Hashes produced by colorhash occasionally crash
max-kamps opened this issue · 2 comments
max-kamps commented
Some images (I would say about 10% of them) cause colorhash
to return invalid values that can't be roundtripped.
Feeding their hex representation into hex_to_hash
creates an invalid ImageHash
object that crashes when stringified again.
Example code that reproduces the issue:
from PIL import Image
from imagehash import colorhash, hex_to_hash
img = Image.frombytes('RGB', (1, 1), b'\xff\xb8\xff') # Example image that crashes. 1x1 pixels
# The first hash works fine
first_hash = colorhash(img)
print(first_hash.hash.dtype)
# >>> bool
print(str(first_hash))
# >>> 07000000000
# These values are expected.
# Now let's roundtrip the hash (hash -> hex -> hash) and see what happens
second_hash = hex_to_hash(str(first_hash))

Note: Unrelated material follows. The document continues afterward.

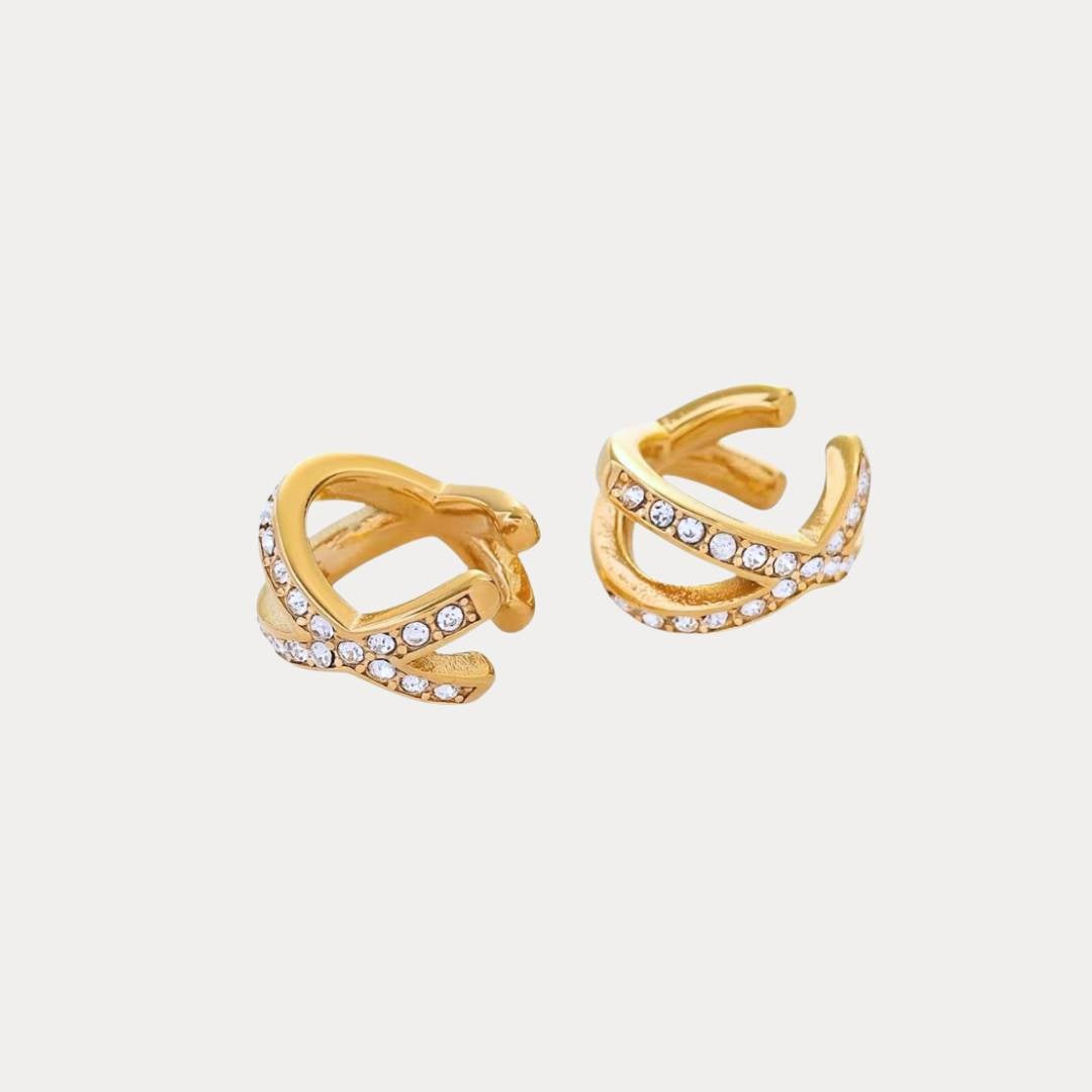 • Crystal Stone Hoop Cross Shape Ear Cuff Earring Women

# imagehash/__init__.py:181: VisibleDeprecationWarning: Creating an ndarray from ragged nested sequences (which is a list-or-tuple of lists-or-tuples-or ndarrays with different lengths or shapes) is deprecated. If you meant to do this, you must specify 'dtype=object' when creating the ndarray.
# hash_array = numpy.array([[bool(int(d)) for d in row] for row in bit_rows])
print(second_hash.hash.dtype)
# >>> object
print(str(second_hash))
# File "imagehash/__init__.py", line 100, in __str__
# return _binary_array_to_hex(self.hash.flatten())
# File "/imagehash/__init__.py", line 87, in _binary_array_to_hex
# return '{:0>{width}x}'.format(int(bit_string, 2), width=width)
# ValueError: invalid literal for int() with base 2: '[True, True, True, False, False, False][False, False, False, False, False, False][False, False, False, False, False, False][False, False, False, False, False, False][False, False, False, False, False
JohannesBuchner commented
see the "Storing hashes" section of the README, hex_to_hash is not the right function here.
max-kamps commented
Thank you!
I was very confused by the fact that it seemed to work 90% of the time.
Oh well. Should have read the docs more closely.